A day later, we were eating dinner at the outdoor restaurant.  Angry looked at me funny while shaking his foot and said, "Must be a bug crawling on me."  He looked down and said, "It's a crab!  Is that your crab?"  I looked over the side of the table and there was my friend nemesis from the pool!!

Evil. Pure evil. Those eyes say he wants to bite me!

I jerked my feet up from the ground and told Angry to “make him go away.”  Instead, he turned on the camera and started taking pictures!!  He actually followed him as he ran across the restaurant.  Mr.
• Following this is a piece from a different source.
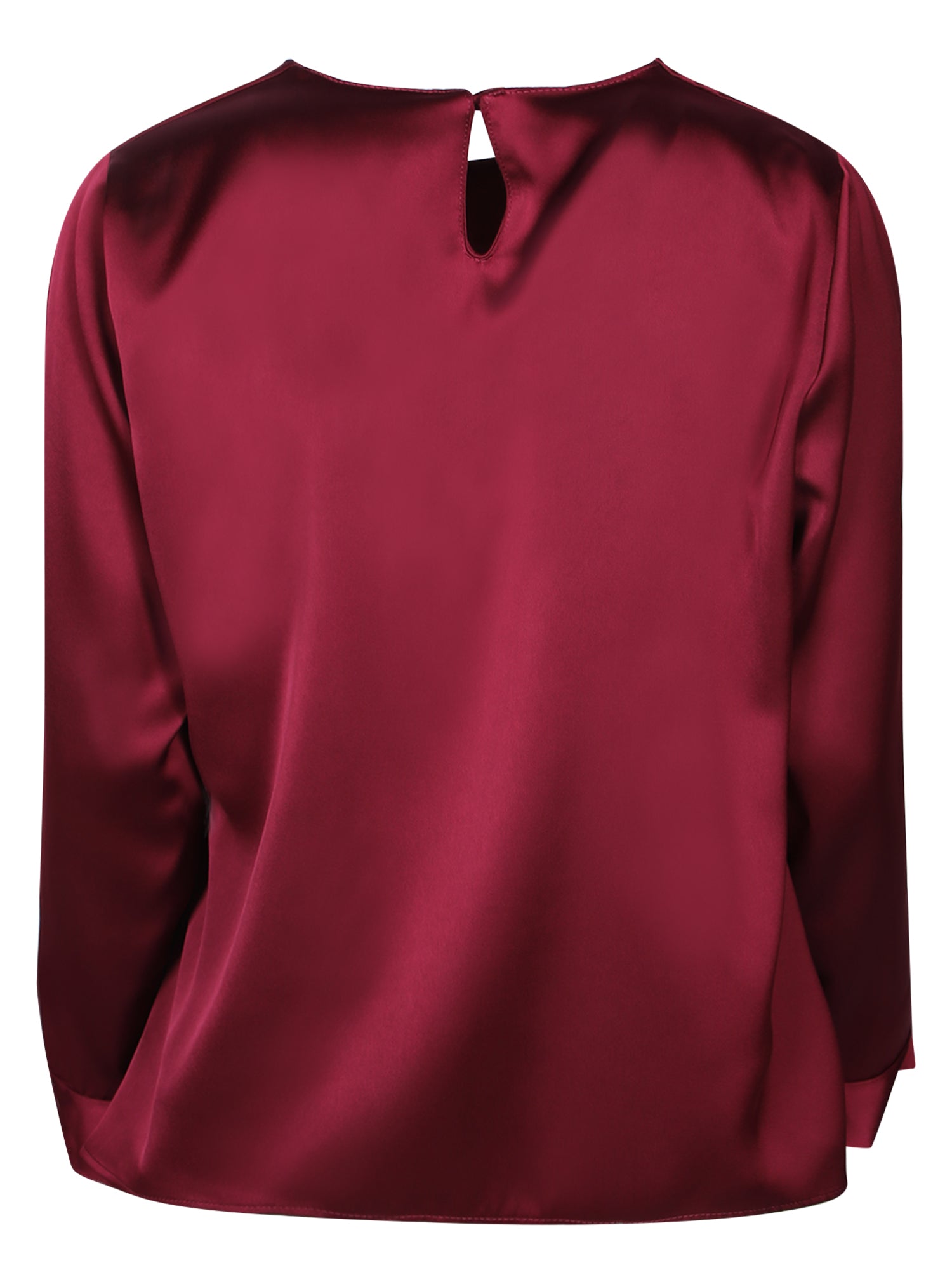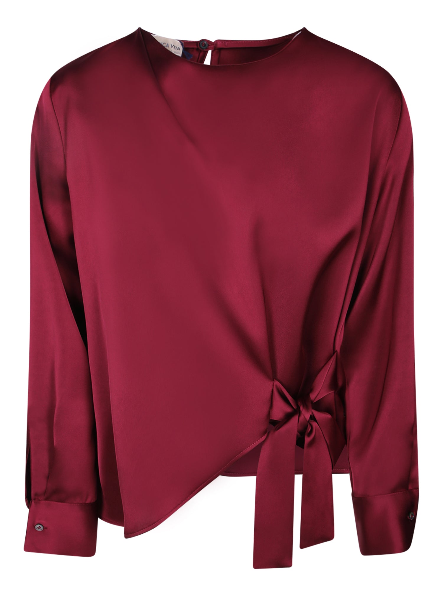 Long sleeves with buttoned cuffs. Adjustable front knot. Rear zip closure.

Crabby finally wedged himself between a chair leg and a wall and I felt safe enough to put my feet down and finish dinner.  Whew, disaster avoided!

Our waiter laughed and offered to catch and have him cooked for us to enjoy at dinner.  We declined the offer.  Everyone had a great laugh and I continued to make sure he was far away from my feet.

Why the fear?  I don’t have a clue.  But I can assure you that if that son of a bitch had been crawling on MY foot, I would have screamed the a little school girl and kicked my leg so hard that he would have landed in the next century.

Was he stalking me?  Why show up at the pool and then at dinner?  Would he try to get on the elevator and follow me to my room?  I imagined a knock on the door and hearing, “Room Service.”  (Anyone remember the Land Shark skit on Saturday Night Live?)  Would he try to get into my suitcase and follow me home?

I know, I know.  We were actually kidding and laughing at the thought of his trying to get on the elevator but I was scared of him.

Do I need some sort of therapy?  I don’t think so.  Just keep those creepy crawlies away from me and I'll be fine.